When adapting the layer in "tf_idf" mode, each input sample will be considered a document, and IDF weight per token will be calculated as log(1 + num_documents / (1 + token_document_count)).

Inverse lookup

This example demonstrates how to map indices to strings using this layer. (You can also use adapt() with inverse=True, but for simplicity we'll pass the vocab in this example.)

>>> vocab = ["a", "b", "c", "d"]
>>> data = tf.constant([[1, 3, 4], [4, 0, 2]])
>>> layer = tf.keras.layers.StringLookup(vocabulary=vocab, invert=True)
>>> layer(data)
<tf.Tensor: shape=(2, 3), dtype=string, numpy=
array([[b'a', b'c', b'd'],
       [b'd', b'[UNK]', b'b']], dtype=object)>

Note that the first index correspond to the oov token by default.

Forward and inverse lookup pairs

This example demonstrates how to use the vocabulary of a standard lookup layer to create an inverse lookup layer.

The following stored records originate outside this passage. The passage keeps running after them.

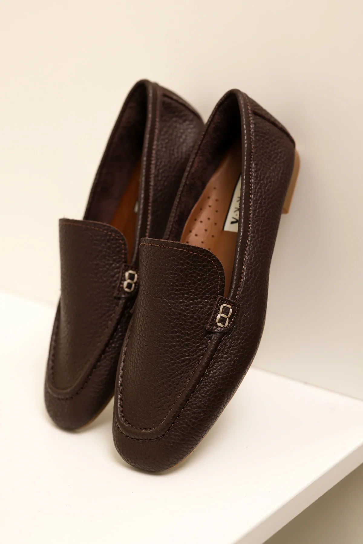 Hakiki Deri Kadın Alvin Acı Kahve El yapımı Babet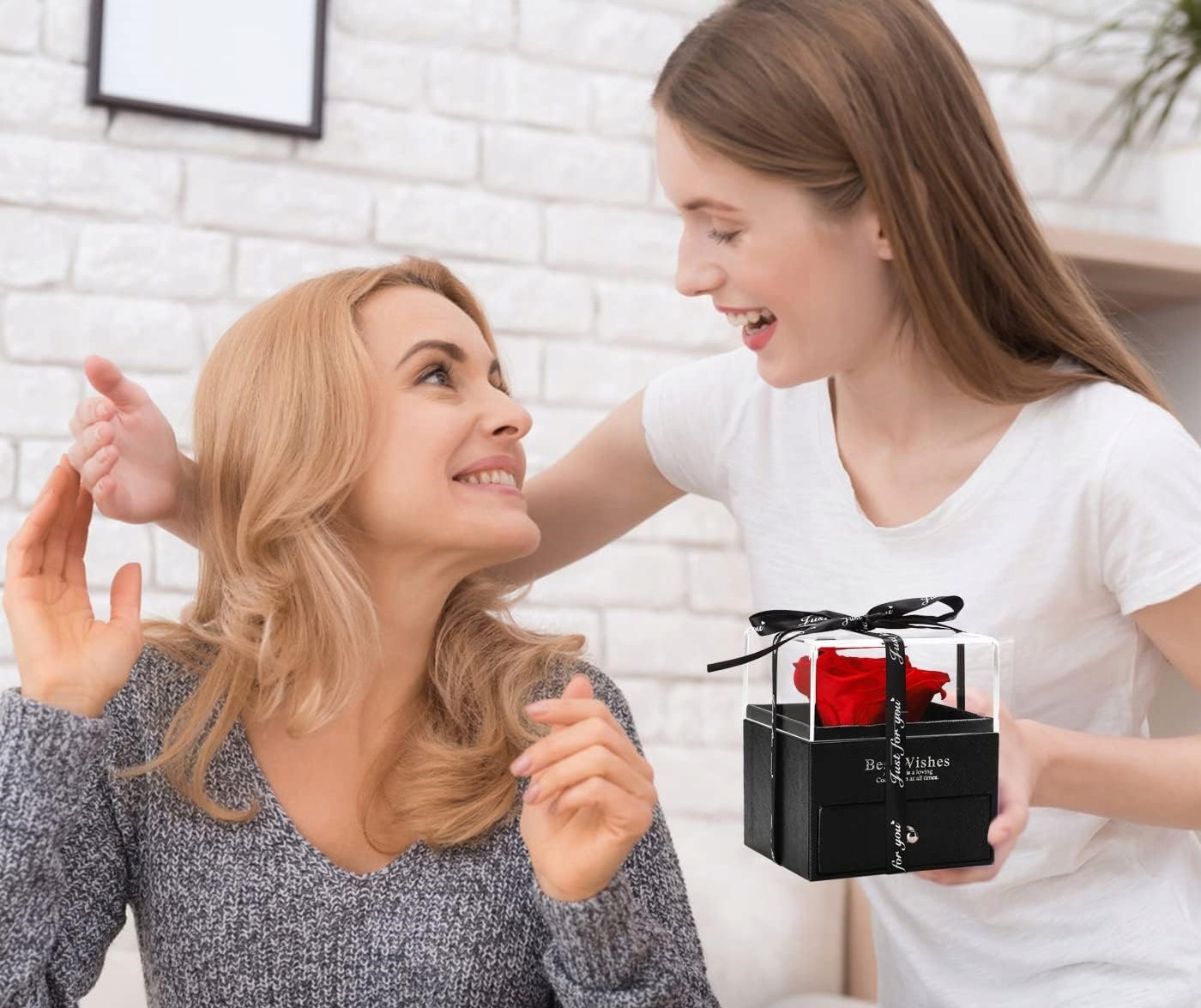 ✔ Полный подарочный набор: Набор содержит вечную розу в гробу, ожерелье, подарочный пакет и карту для пожеланий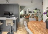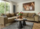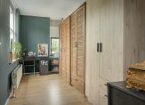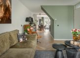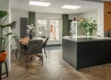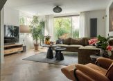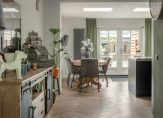 Bij binnenkomst in de woning via de zij-entree, treft u een nette hal met een gemoderniseerd toilet. De ruime woonkamer is voorzien van een stijlvolle visgraat PVC-vloer en biedt toegang tot een moderne woonkeuken, compleet met een kookeiland. Dankzij de aanbouw geniet u van een royale ruimte, waarbij de openslaande tuindeuren de tuin naadloos met de woonkamer verbinden.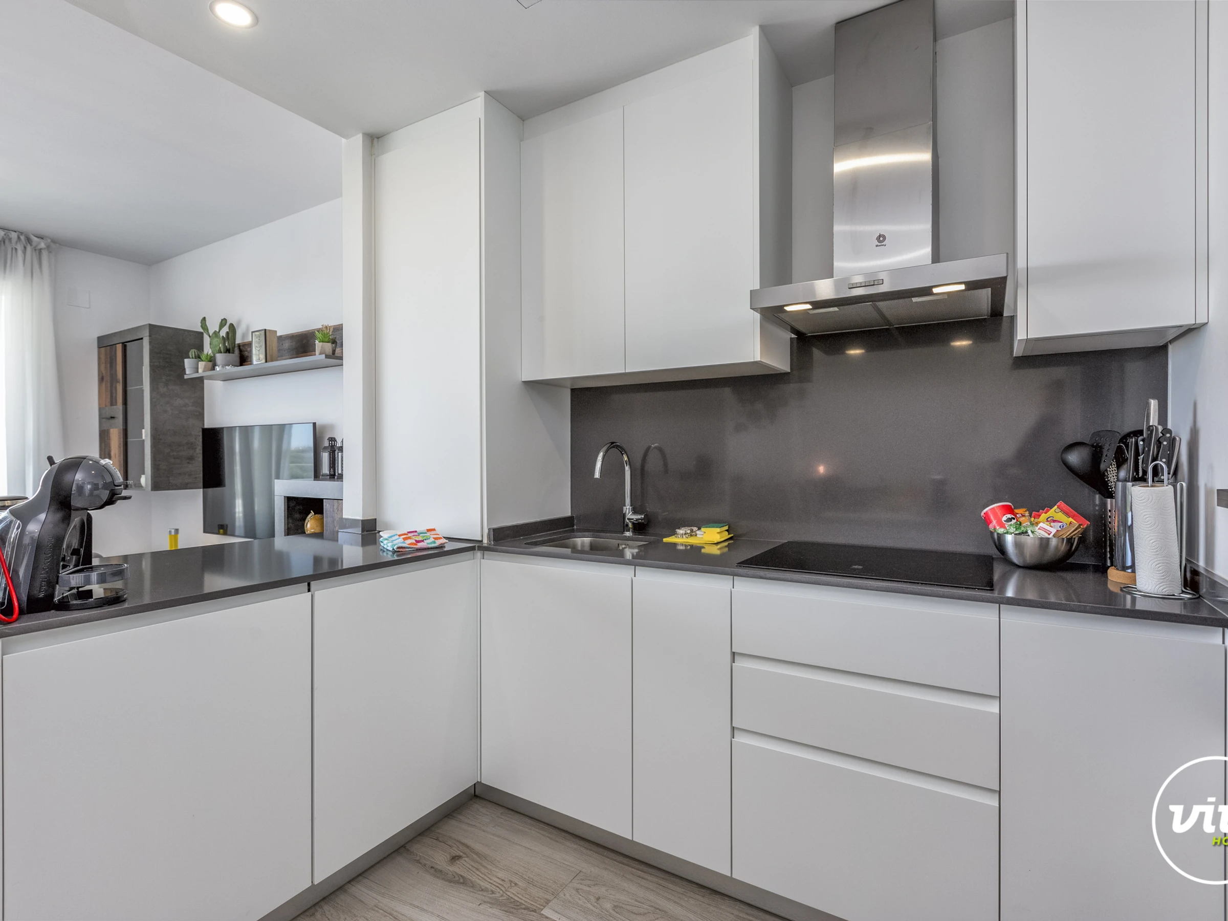 Dieses offene küche, mit induktions-kochfeld, ist ausgestattet in kühlschrank, mikrowelle, backofen, gefrierschrank, spülmaschine, geschirr/besteck, kochutensilien, kaffeemaschine, wasserkocher, küchengeschirr, teller und schüsseln.

>>> vocab = ["a", "b", "c", "d"]
>>> data = tf.constant([["a", "c", "d"], ["d", "z", "b"]])
>>> layer = tf.keras.layers.StringLookup(vocabulary=vocab)
>>> i_layer = tf.keras.layers.StringLookup(vocabulary=vocab, invert=True)
>>> int_data = layer(data)
>>> i_layer(int_data)
<tf.Tensor: shape=(2, 3), dtype=string, numpy=
array([[b'a', b'c', b'd'],
       [b'd', b'[UNK]', b'b']], dtype=object)>

In this example, the input value "z" resulted in an output of "[UNK]", since 1000 was not in the vocabulary - it got represented as an OOV, and all OOV values are returned as "[UNK]" in the inverse layer. Also, note that for the inverse to work, you must have already set the forward layer vocabulary either directly or via adapt() before calling get_vocabulary().